Geachte heer/mevrouw,

Hierbij bevestig ik de ontvangst van uw beroepschrift tegen de uitspraak van 21 december 2006, nr. AWB 05/1407.

Bij de behandeling van het beroep neemt de Raad de richtlijnen in acht die zijn neergelegd in de Procesregeling bestuursrechterlijke colleges 2006. De tekst van deze procesregeling vindt u op de site van de Raad op www.rechtspraak.nl via de rubrieken "Voor juristen" en "Regelingen". Met deze richtlijnen wordt onder meer beoogd de bij de Raad aanhangige procedures zo kort mogelijk te houden. Om dit doel te bereiken hanteert de Raad vaste termijnen voor de verschillende onderdelen van de procedure. Deze termijnen zullen, voor zover voor u van belang, steeds schriftelijk worden meegedeeld.
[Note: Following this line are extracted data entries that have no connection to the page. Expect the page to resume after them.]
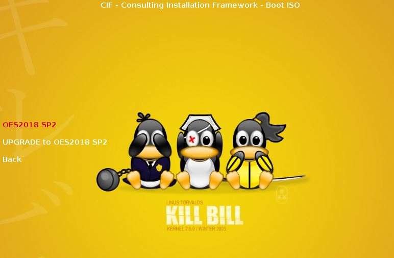 [SUBMenu_CIF] MenuTitle = CIF Target Selection option = submenu ; "OES2018 SP2"; "Select to Install/Upgrade to OES2018 SP2" ; SUBMenu_CIF_OES2018SP2 option = submenu ; "SLES12 SP5"; "Select to Install/Upgrade to SLES12 SP5" ; SUBMenu_CIF_SLES12SP5 option = submenu ; "SLES15 SP1"; "Select to Install/Upgrade to SLES15 SP1" ; SUBMenu_CIF_SLES15SP1 option = return ; "Return" ; "Return to main menu" option = exit ; "Exit" ; "Boot to local hard drive"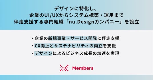 DX現場支援で顧客と共に社会変革をリードする株式会社メンバーズ(本社:東京都中央区、代表取締役社長:高野 明彦、東証プライム:2130、以下「メンバーズ」)は、サービス・プロダクトデザイン支援に特化し、企業のビジネスの企画・開発・グロースフェーズにおいて、UI/UXデザインからデザインシステムの構築、運用改善までを伴走型で支援する専門組織「nu.Designカンパニー(ヌウデザインカンパニー)」を2025年4月1日付で設立したことをお知らせします。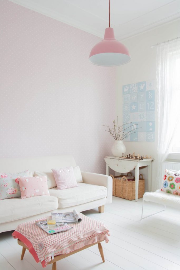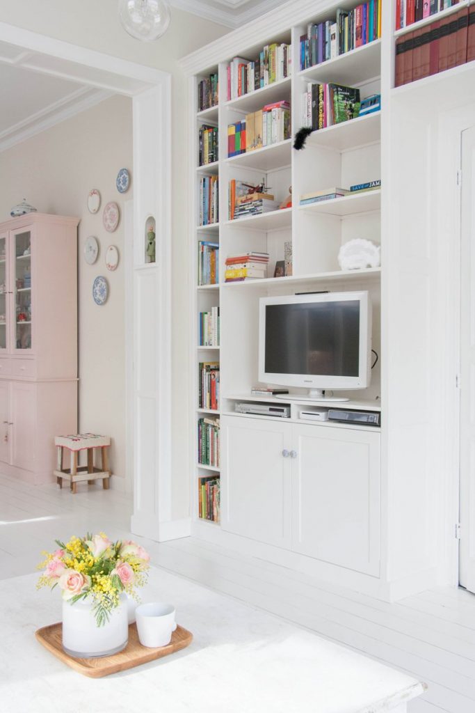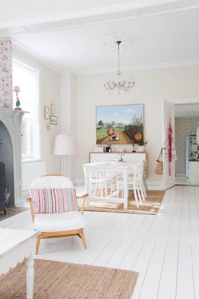 No es fácil que un ambiente donde predomina el blanco sea tan acogedor, pero las alfombras de fibras naturales y los textiles lo consiguen. Los muebles de madera pintados en blanco y rosa acentúan la personalidad de este piso.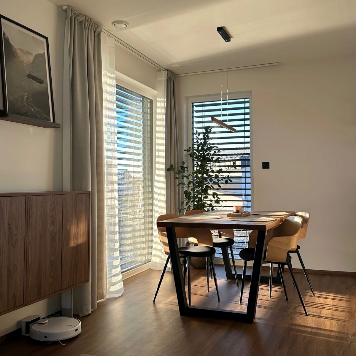 V rámci individuálních úprav zvětšili jídelní kout o jeden metr (posunutím obvodové zdi, čímž se změnil vnější rozměr domu)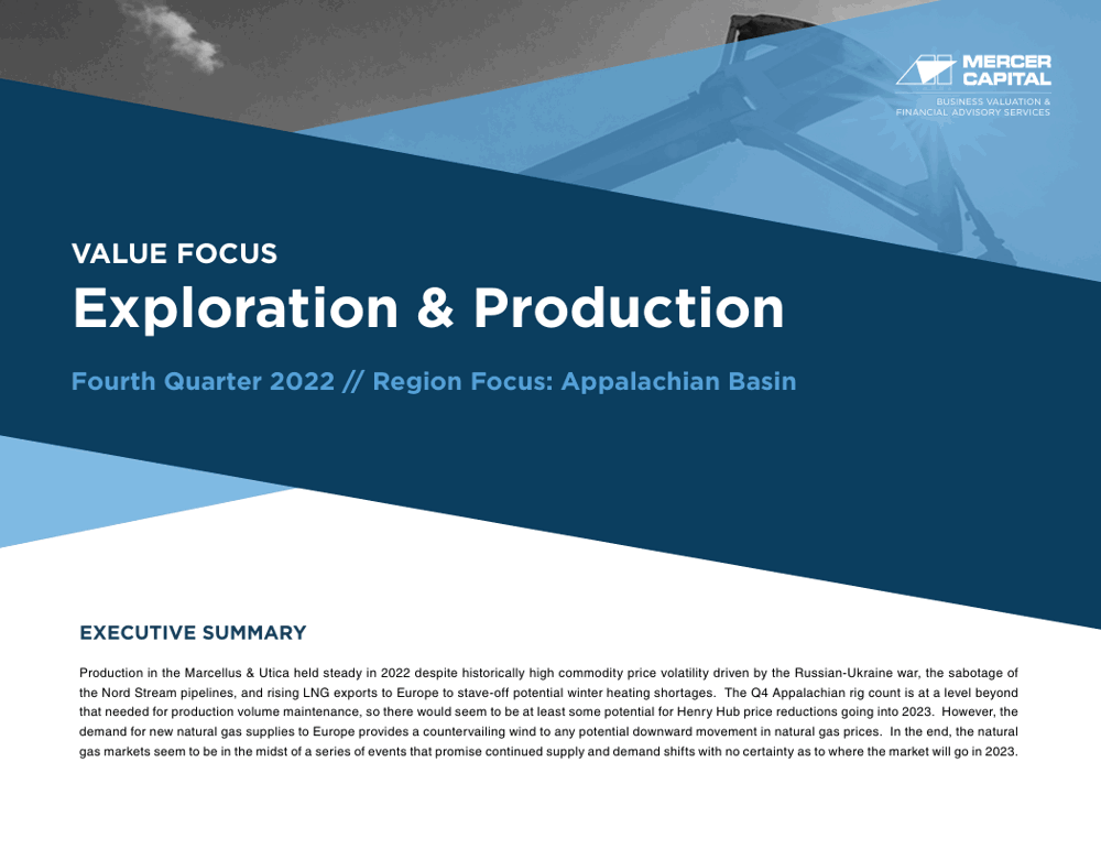 Mercer Capital’s Value Focus: Exploration & Production newsletter provides an overview of the industry through supply and demand analysis, commodity pricing, and public market performance. In addition, each issue of this quarterly newsletter focuses on a region, including, Eagle Ford, Permian, Bakken, and Appalachia, examining general economic and industry trends. In this quarter’s newsletter, we focus on the Appalachian. Notable topics include Russia-Ukraine War’s effect on the demand for LNG exports to Europe in the face of winter, tight valuations between major operators, flat production levels in the region despite a high commodity price environment, as well as increased M&A activity in 2022 highlighted by Sitio Royalties and Brigham Minerals merger — creating the largest public minerals owner.

Van de gestelde termijnen wordt in beginsel niet afgeweken. Uitstel voor het verrichten van proceshandelingen wordt aan de betrokken partijen slechts verleend in bijzondere omstandigheden en indien daarom tijdig (dat wil zeggen voor het einde van de termijn), onder opgave van redenen, is verzocht.

Op basis van de Wet bescherming persoonsgegevens deel ik u hierbij mee, dat de persoonsgegevens van partijen, voorzover nodig, worden verwerkt in een registratiesysteem.

Te zijner tijd ontvangt u nader bericht.

Hoogachtend,
de griffier,
v.d. ###
M?.


Vervolgens ontving ik de volgende brief.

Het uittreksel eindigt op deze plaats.